= Chilberg family =

Swedish-American family

Chilberg (alternate spellings include Killberg and Kylburg) is a Swedish-American family that came from Knäred, Halland, Sweden, to America in 1846 with the boat Superb, starting their journey in Gothenburg to arrive in Philadelphia. This family were early American pioneers moving west, from Sweden, to Bergholm in Wapello, Iowa, with a short period in Oregon to finally settle in the Skagit Valley at Pleasant Ridge, La Conner, Skagit County, Washington. John Edward Chilberg later moved to Seattle as a child in the early 1870s.

== Prominent members ==
The oldest known family member was Karl Killberg, a parish clerk living 1695 in Hishult, Halland, Sweden. One account of the family's migration to the US states that the family settled in Seattle and owned a grocer and a knitting house, the very first Scandinavian businesses in Seattle. The success of the grocer, which was called Childberg Brothers, led to other business ventures.

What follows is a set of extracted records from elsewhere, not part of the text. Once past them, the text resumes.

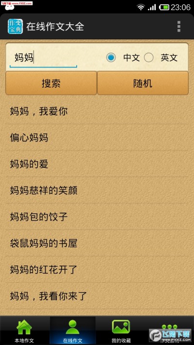 支持英文作文搜索!在线作文大全是一款面向各年级学生而开发的小型学习软件,内置离线作文20000篇,没有网络也能找查作文啦!另外只要输入一两个关键字就可以抓取网络上优秀的作文,包括英语作文哟。支持收藏好文章到本地手机上,有了在线作文大全,妈妈再也不用担心我的学习了。
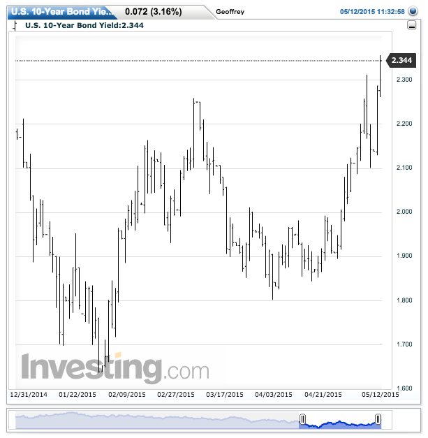 He’s not the only one to spot that trend. Bond prices have backed up sharply in recent weeks, and the 10-year Treasury note now yields 2.34%, a seven-month high and up from up from a low of 1.64% in January.
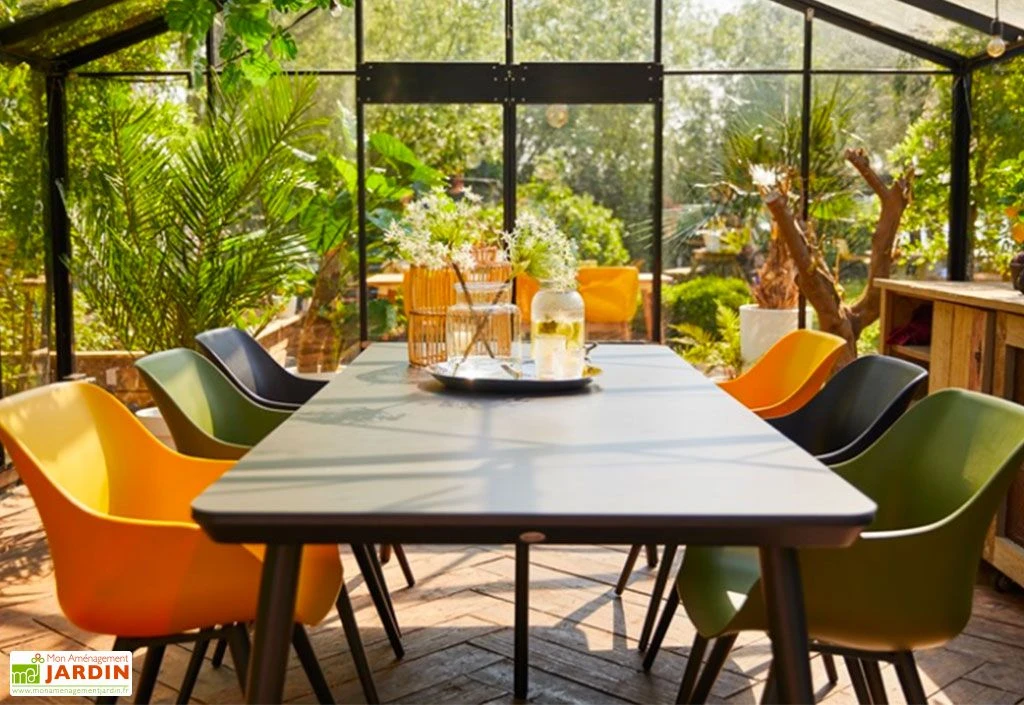 La table Hartman Sophie Studio est à la fois solide, légère et facile à nettoyer, soit tout ce qu’on peut attendre d’une table de jardin ! Dotée d’un plateau en HPL de 100 x 170 cm, cette table rectangulaire pourra accueillir confortablement six à huit personnes le temps d’un repas en famille ou entre amis. Ce plateau repose sur quatre pieds coniques en aluminium, un matériau naturellement résistant à la rouille.

The most prominent members of the American branch of the family include John Edward Chilberg, the president of the Alaska-Yukon-Pacific Exposition in 1909-1910. John Edward was the grandson of Carl Johan Chilberg, who had come to the United States in the 1840s. He got into shipping and became the secretary of the Puget Sound & Central American Steamship Co. in 1898 and president of the Seattle Shipyards Co. in 1906. His uncle, Andrew Chilberg, served as the president of the Scandinavian American Bank of Seattle and in 1879 he became the vice-consul of Sweden and Norway. John Edward Chilberg II, the grandson of John Edward Chilberg, was a very active American production designer and art director.

From the branches still living in Sweden, there was Johan Peter Killberg, who started the Killberg Book Stores in Ängelholm and Helsingborg.